The Delhi High Court on Tuesday set aside the Sentence Review Board’s (SRB) decision rejecting the plea for premature release of Santosh Kumar Singh, who is serving a life sentence for the 1996 rape and murder of law student Priyadarshini Mattoo. The court noted signs of reformation in the convict and remanded the matter back to the SRB for fresh consideration.
Justice Sanjeev Narula, while delivering the verdict, observed, “I have found some element of reformation in him. The SRB decision is set aside and I have referred back the matter to SRB to consider it afresh.”
The court also laid down guidelines for the SRB to follow while considering such pleas. It emphasised the need for psychological assessments of convicts—an aspect it found missing in Singh’s case. The detailed judgment is awaited.

Singh had approached the High Court in 2023, seeking quashing of the SRB’s recommendation from its October 21, 2021 meeting, which denied his premature release.
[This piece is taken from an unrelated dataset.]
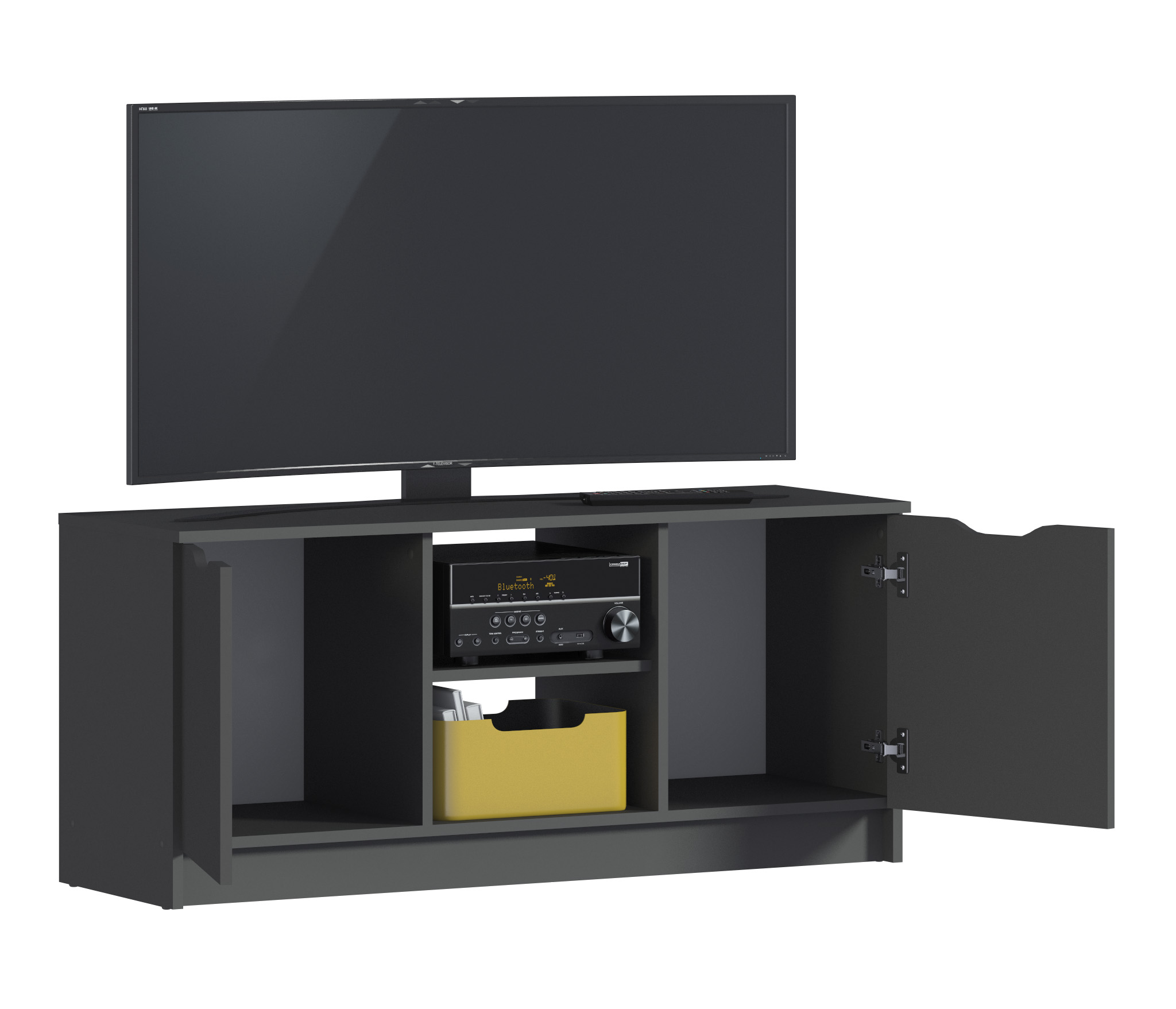 Габаритные размеры – ширина 119, высота 53 см и глубина 39 см. Вес тумбы 24,42 кг, что даёт возможность передвигать её по усмотрению. Визуально тумбу можно разделить на три отделения – открытое центральное с двумя полками для аудио или видео системы и два вместительных отделения с дверцами. Тумба выполнена в минималистичном дизайне из прочного современного материала ЛДСП.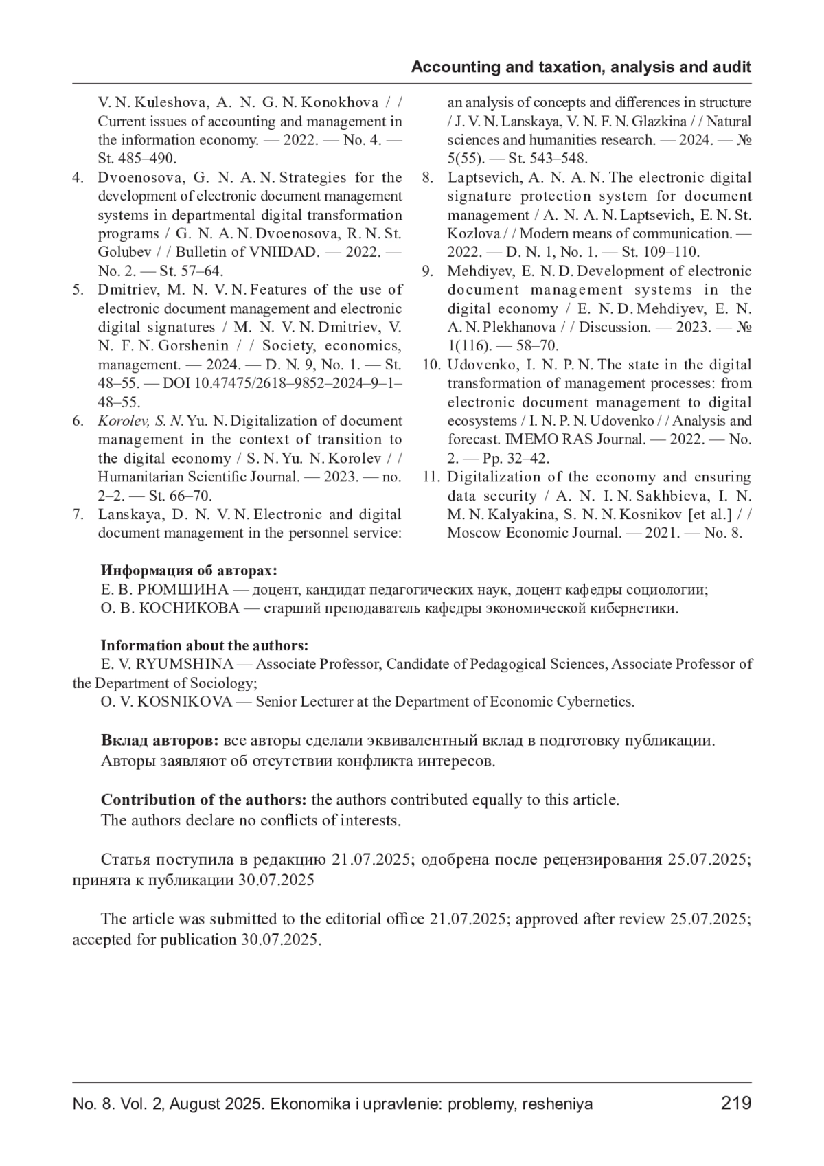 9. Мехдиев, Э. Т. Развитие систем электронного документооборота в цифровой экономике / Э. Т. Мехдиев, Е. А. Плеханова // Дискуссия. - 2023. - № 1(116). - С. 58-70. EDN: UYIQNE

His counsel, senior advocate Mohit Mathur, argued that Singh had already served 25 years, including remission, and had shown satisfactory conduct during incarceration. He has also spent the last several years in an open jail.
Despite a second SRB review on September 18, 2024, which again rejected his release, the High Court has now given Singh a fresh opportunity, acknowledging the possibility of his reformation.
Priyadarshini Mattoo, a 25-year-old law student, was raped and murdered in January 1996. Singh, then also a law student and the son of a senior IPS officer, was acquitted by the trial court in 1999. However, the Delhi High Court reversed the acquittal in 2006, convicting him of rape and murder and awarding the death penalty.
In 2010, the Supreme Court upheld the conviction but commuted the death sentence to life imprisonment.